За год их объезжено столько, что мой мозг думает – после они просто перестают существовать.

* * *

15 минут в пути. Задержка вызова – два часа. Частный дом, не достроен. Встречает дочь. Женщина в возрасте, значит, мама совсем уже в годах. Пахнет выпечкой, чем-то неуловимо детским. Одиночеством и потерянностью не пахнет, здесь каждый кому-то нужен. Боль есть, тревога, беспокойство. И дети. Да, здесь живут дети.

«Плохо, температура, сердце, болит нога». Глюкоза 7,7, фибрилляция предсердий, бледность, изъязвление левой конечности. Минуту Айна задумчиво смотрит на больную, как будто не видит, а затем внезапно находит ответ:

– В ноге тромб, в сосудистый.

И мы летим по встречке под завывание сирены, легковушки шарахаются в сторону, кто-то гневно сигналит. Я в салоне с пациенткой, Айна на переднем сиденье, это она распорядилась ускориться, вот Толян и едет со светомузыкой. Машину трясет на разбитом асфальте, мимо проносятся многоэтажки, на переходе – красный, носилки скрипят, бледные потные пальцы вцепились в брезент. Спит или без сознания? Считаю пульс, сбиваюсь, трясу за плечо. Нам не подчиняются ни жизнь, ни смерть, а мы вынуждены принимать решения, которые могут спасти, могут убить, но чаще оставляют все как есть.

Хирург в сосудистом интеллигентно опрятен и никуда не спешит. Меняет перчатки после каждого больного, очередь быстро подбирается к нашей. Ему времени для диагностики надо еще меньше, чем фельдшеру Айне.

– Нет тут никакого тромба. Диабетическая стопа.
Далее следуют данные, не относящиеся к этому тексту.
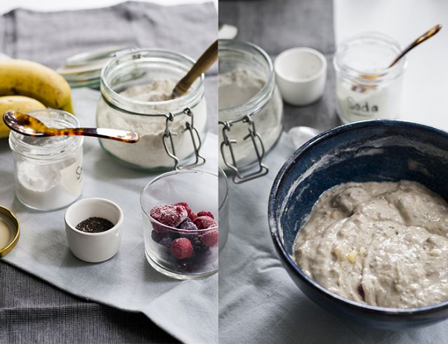 Meng in een kom de banaan, chiazaadjes, olie en melk tot een homogeen geheel. Voeg daarna de bloem en bakpoeder toe. Het beslag mag een beetje aan de dikke kant zijn, maar niet té dik; ongeveer even dik als cakebeslag. Als je denkt dat het beslag toch te dik is, voeg er dan nog wat melk aan toe. En als het te dun is, voeg je een een halve tot een hele lepel bloem toe.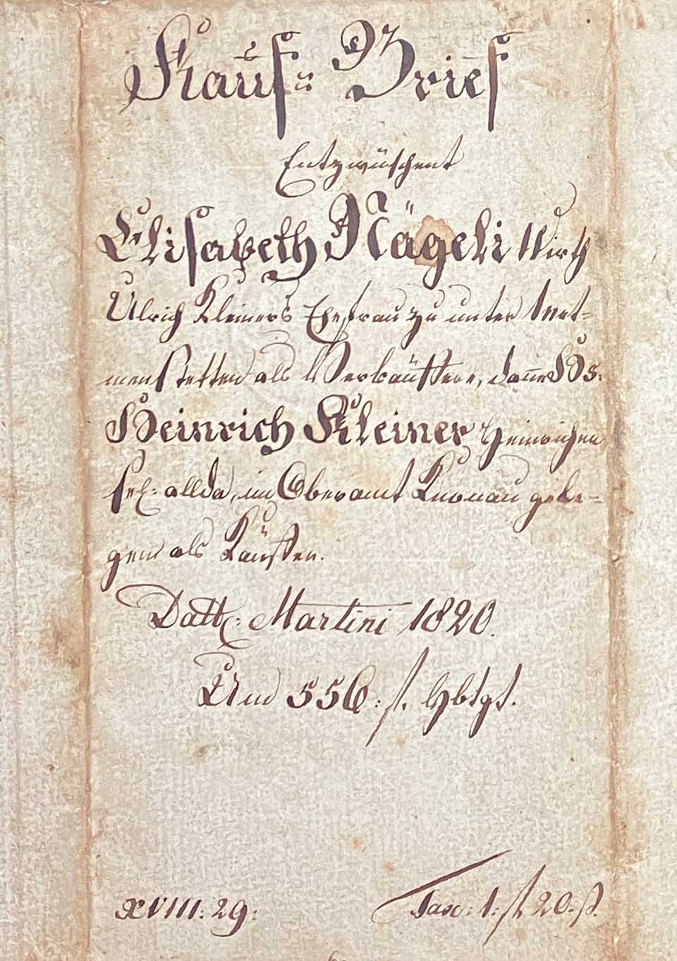 Kauf-Brief Entzwüschent Elisabeth Nägeli Wirth Ulrich Kleiners Ehefrau zu unter Metmanstetten als Verkäußere, dann § 85.

Отписывает, направляет в гнойную хирургию, это на другом конце города, исключить рожистое воспаление, потом еще куда пошлют. Больше сирену не используем, это когда Айна думала на тромб, намертво перекрывший кровоток в сосуде. От рожи нога в ближайшие два часа не отвалится. Катать пациента из больницы в больницу при нашей работе одно удовольствие, если он, конечно, стабилен, главное – к обеду успеть.

В планшете обновляю статус бригады: «Вернуться на подстанцию».

– Айна, я поесть-то успею?

– Попробуй.

Айна достает свои банки и контейнеры из холодильника, накрывает поляну. На обед у нее каша в одной банке, в другой – фаршированный перец, к чаю варенье и осетинский пирог. Я Айне понравилась. Она меня приглашает угоститься и разрывает пирог на кусочки заскорузлыми пальцами, ножа на станции нет и никогда не было.

– Тебе сколько лет? – Айна резко вскидывает на меня колючий черный глаз с белым пятном на радужке.

– Д-двадцать четыре, – растерявшись, я даже пересчитываю годы, чтобы не соврать.

– Старовата, – бормочет старуха, проворачивая в уме какую-то внутреннюю бухгалтерию. – Гуляешь?

– Что?

– Не, глаз скромный. Вот если нервы… У тебя дистония?

– Откуда вы.

– Переживаешь, сгоришь. Мужика пора заводить.

– Да я на квартиру все никак не. – понимаю, что старуха шутит, пытаюсь улыбнуться, Айна серьезна, сосредоточенна, а на слове «квартира» заметно оживилась.

– Успеешь, – обрывает она, – у меня внук твой однолеток, свести бы вас.

И молча впивается в меня глазами. Взгляд скользит по моей фигуре, я следую за ним, углубляясь в извилистый ход ее мыслей, и вдруг обнаруживаю свой облик, описанный цепкими крючками-мыслями старухи. Упряма. На квартиру, может, и заработает, а пока руки не знает куда девать, еще и худоба, вегето-сосудистая дистония, намучается внучок с ней. Да и характер! Вон как зыркает! А таз широкий, детей хорошо родит… Да и не горских кровей. Айна еще раз взвешивает, решительно ставит на мне крест и закрывает глаза.

Кухня пахнет хлоркой и клопами (примерно так производители чайных пакетиков представляют себе аромат клубники). Торопливо пью чай, телепатически ощущая, как на центральной без перерыва звонят телефоны. Диспетчер снимает трубку, передает вызов на подстанцию. Селектор шипит, как обостренный астматик: «Миронова, поехали!». Не успела.

– Вызов уличный, остановка в сторону аэропорта. Что у нас с укладкой?

– Катетеров нет.

– Совсем?

– Да.

На остановке пустой троллейбус, кондукторша поддерживает за локоть старушку, божий одуванчик.

– Я в троллейбус, а они. вытолкнули, и в ребре хрустнуло.

Загружаю бабку в салон, от души хлопая дверью. Потом, когда мне выпадет счастье ехать на иномарке, испуганный водитель перекрестится и выдаст неизменное «это вам не жигули».

– И завезли куда, непонятно, и как отсюда добираться, денег-то на такси нет. – жалуется нараспев, кивая головой на каждом слове. – А чего стоим-то, дочка?